KabarIndonesia.id — Upaya pemulihan pascabencana di Sumatra terus dikebut. Pemerintah pusat menambah ratusan perangkat internet satelit Starlink guna memastikan konektivitas komunikasi di wilayah terdampak kembali normal.
Menteri Koordinator Bidang Pembangunan Manusia dan Kebudayaan (Menko PMK) Pratikno mengatakan, pemerintah menyalurkan tambahan 280 unit Starlink untuk daerah yang jaringan komunikasinya belum sepenuhnya pulih.
“Untuk daerah yang belum pulih (jaringan komunikasinya), saat ini kami menambahkan 280 unit Starlink. Bersamaan dengan itu, percepatan pemulihan jaringan komunikasi terus dilakukan,” ujar Menko PMK dalam keterangan resminya, Senin (29/12/2025).
Pratikno menjelaskan, hingga saat ini jaringan komunikasi di 14 kabupaten/kota yang tersebar di Aceh, Sumatra Utara (Sumut), dan Sumatra Barat (Sumbar) telah kembali berfungsi normal.

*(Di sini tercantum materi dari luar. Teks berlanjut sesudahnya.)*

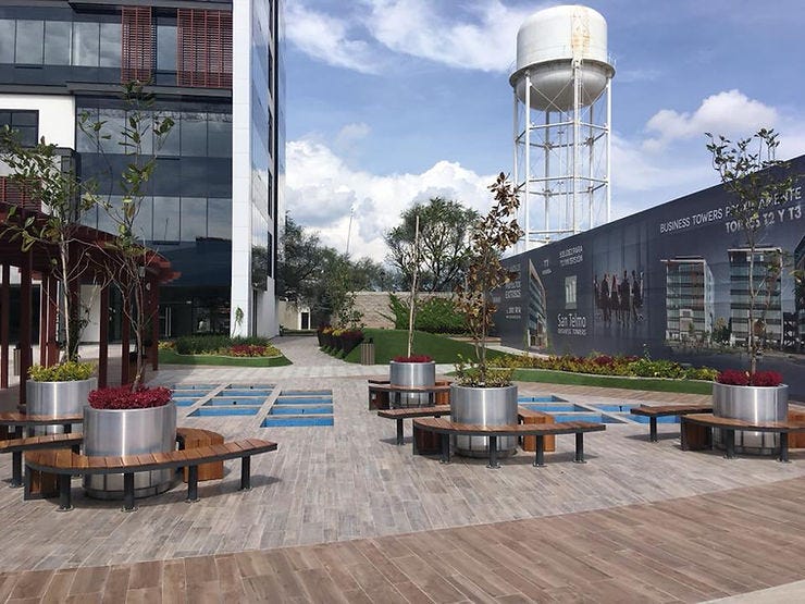 Lo que más me gusta de este proyecto son los jardines y áreas públicas, si bien mi posición personal sobre el diseño de exteriores es distinta (soy más "cuadrado" y regionalista) la importancia de estos como el eje rector y su buen resultado es indudable. Me parece que se extiende de muy buena manera el jardín del centro comercial hacia la zona corporativa.

“Terkait dengan pemulihan jaringan listrik, pengiriman genset, mobil penjernih air, truk tangki, sumur siap pakai, toilet darurat, dan berbagai alat lainnya terus berlanjut dan mengikis pengoperasiannya,” paparnya.
Selain pemulihan infrastruktur dasar, pemerintah juga mencatat perkembangan status penanganan bencana di tiga provinsi tersebut. Hingga Senin (29/12), lebih dari separuh wilayah terdampak telah memasuki fase transisi dari tanggap darurat menuju rehabilitasi dan rekonstruksi.
Di Provinsi Aceh, tujuh kabupaten/kota telah masuk tahap transisi rehabilitasi, sementara 11 kabupaten/kota lainnya masih memperpanjang masa tanggap darurat.
Sementara di Sumatra Utara, delapan kabupaten/kota sudah berada pada fase transisi rehabilitasi, sedangkan delapan daerah lainnya masih dalam status tanggap darurat.
Adapun di Sumatra Barat, sebanyak 10 kabupaten/kota telah beralih ke fase transisi rehabilitasi, sementara tiga kabupaten/kota masih menetapkan status tanggap darurat.
“Daerah yang memperpanjang status tanggap darurat bertujuan agar wilayah-wilayah itu lebih siap masuk ke fase rehabilitasi dan,” tutur Menko PMK.
Langkah penambahan Starlink dan percepatan pemulihan infrastruktur diharapkan dapat mempercepat pemulihan aktivitas masyarakat serta memperkuat koordinasi penanganan bencana di lapangan.